• Assignment: Repeat the listing below line by line, exactly, leaving its pictures behind.

- - - -

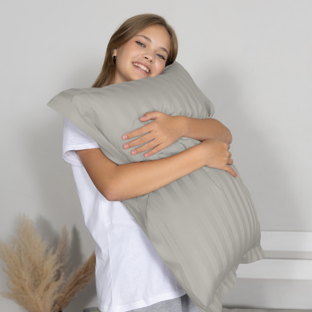 - Наволочки 50х70 см с ушками(из страйп-сатина) – 2 шт. для максимального комфорта и стильного оформления спальни. Клапан для вдевания подушки у наволочки находится по широкой стороне, поэтому сменить её сможет даже ребенок.
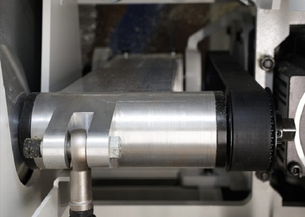 Установлен сервомотор привода подачи на подающий транспортер + ролики, мощностью 5,5 кВт. Быстрая и равномерная подача заготовок в зону резания с высокой точностью.
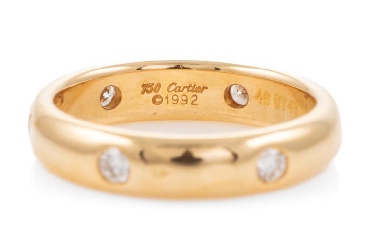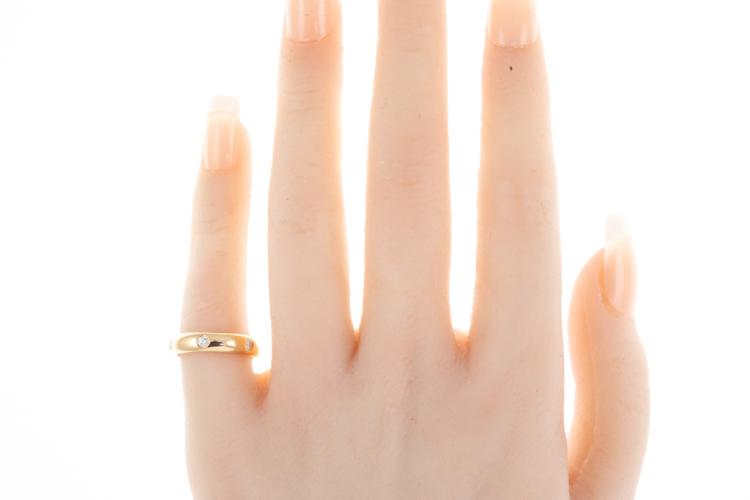 Cartier Stella Diamond ring with round Natural Diamond totalling 0.24ct. 18ct yellow gold. Cartier stamped size 49, note actual size is I - due to being resized. Band width: 4.0mm. Weight: 4.8g. (Pre-owned)
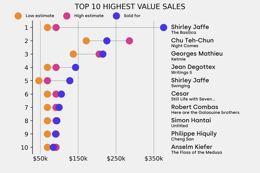 The star lot was: Shirley Jaffe, The Basilica (1994), which sold for $375,800, 448% above its $68,500 low estimate.
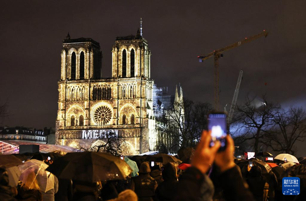 法國舉行儀式慶祝巴黎圣母院重新開放 12月7日,人們冒雨聚集在法國巴黎圣母院外,燈光在外墻上打出法語“謝謝”字樣。 法國7日晚在位于塞納河畔的巴黎圣母院舉行儀式,慶祝2019年失火的巴黎圣母院經(jīng)過5年修復(fù)后重新開放。 新華社記者 高靜 攝
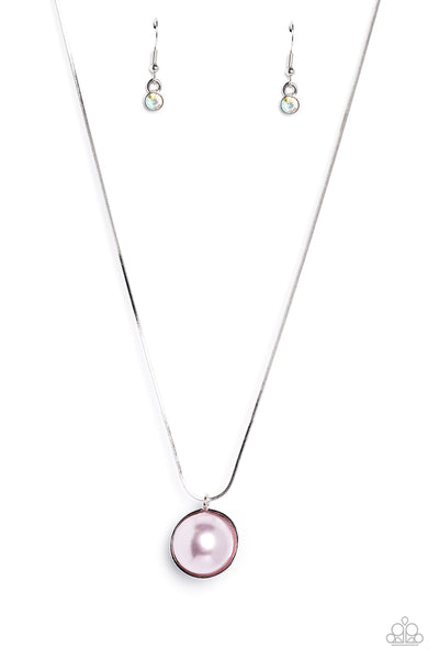Cascading from a shiny silver snake chain, a sparkly iridescent rhinestone-encrusted ornament and a classic baby pink pearl meet to create a half-and-half refined pendant. Features an adjustable clasp closure. Due to its prismatic palette, color may vary.

- - - -

• Reply:
 - Наволочки 50х70 см с ушками(из страйп-сатина) – 2 шт. для максимального комфорта и стильного оформления спальни. Клапан для вдевания подушки у наволочки находится по широкой стороне, поэтому сменить её сможет даже ребенок.
 Установлен сервомотор привода подачи на подающий транспортер + ролики, мощностью 5,5 кВт. Быстрая и равномерная подача заготовок в зону резания с высокой точностью.
 Cartier Stella Diamond ring with round Natural Diamond totalling 0.24ct. 18ct yellow gold. Cartier stamped size 49, note actual size is I - due to being resized. Band width: 4.0mm. Weight: 4.8g. (Pre-owned)
 The star lot was: Shirley Jaffe, The Basilica (1994), which sold for $375,800, 448% above its $68,500 low estimate.
 法國舉行儀式慶祝巴黎圣母院重新開放 12月7日,人們冒雨聚集在法國巴黎圣母院外,燈光在外墻上打出法語“謝謝”字樣。 法國7日晚在位于塞納河畔的巴黎圣母院舉行儀式,慶祝2019年失火的巴黎圣母院經(jīng)過5年修復(fù)后重新開放。 新華社記者 高靜 攝
Cascading from a shiny silver snake chain, a sparkly iridescent rhinestone-encrusted ornament and a classic baby pink pearl meet to create a half-and-half refined pendant. Features an adjustable clasp closure. Due to its prismatic palette, color may vary.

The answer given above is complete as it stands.